─── Entries provided ───
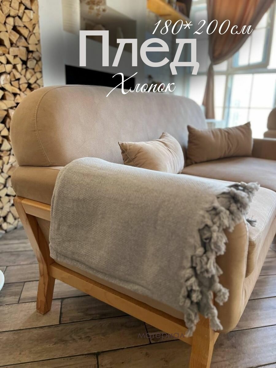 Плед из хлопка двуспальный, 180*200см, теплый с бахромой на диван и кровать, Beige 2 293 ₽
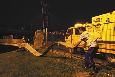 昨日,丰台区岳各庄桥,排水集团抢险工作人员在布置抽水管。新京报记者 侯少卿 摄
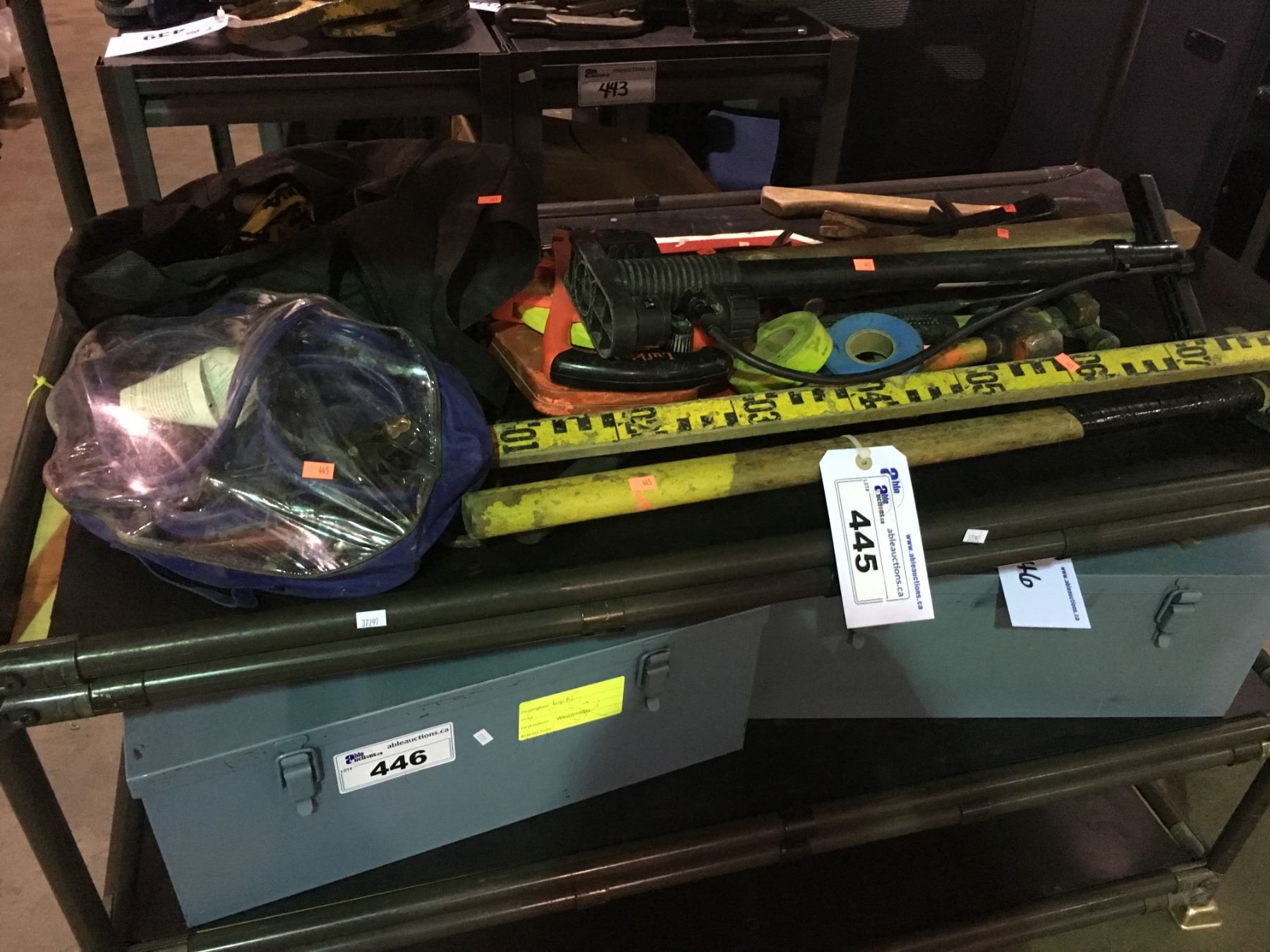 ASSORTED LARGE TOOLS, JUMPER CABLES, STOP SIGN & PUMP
───
─── Entries provided ───
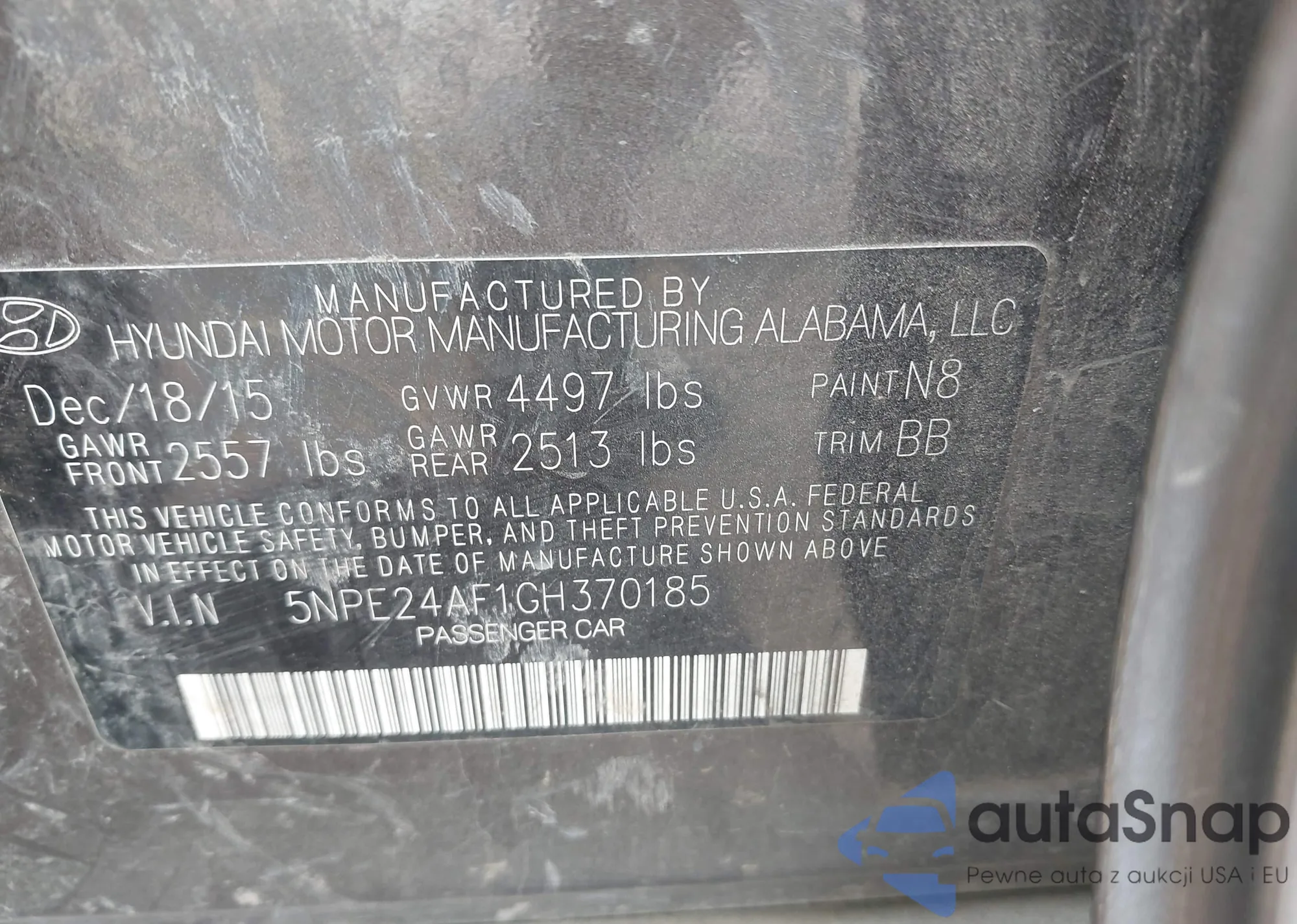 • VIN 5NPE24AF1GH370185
───
**Task instructions**
Where a picture appears in the records above, omit it, and transcribe exactly the stretch of lines from the one with "昨日,丰台区岳各庄桥,排水集团抢险工作人员在布置抽水管。新京报记者 侯少卿 摄" through the one with "ASSORTED LARGE TOOLS, JUMPER".

**Task solution**
 昨日,丰台区岳各庄桥,排水集团抢险工作人员在布置抽水管。新京报记者 侯少卿 摄
 ASSORTED LARGE TOOLS, JUMPER CABLES, STOP SIGN & PUMP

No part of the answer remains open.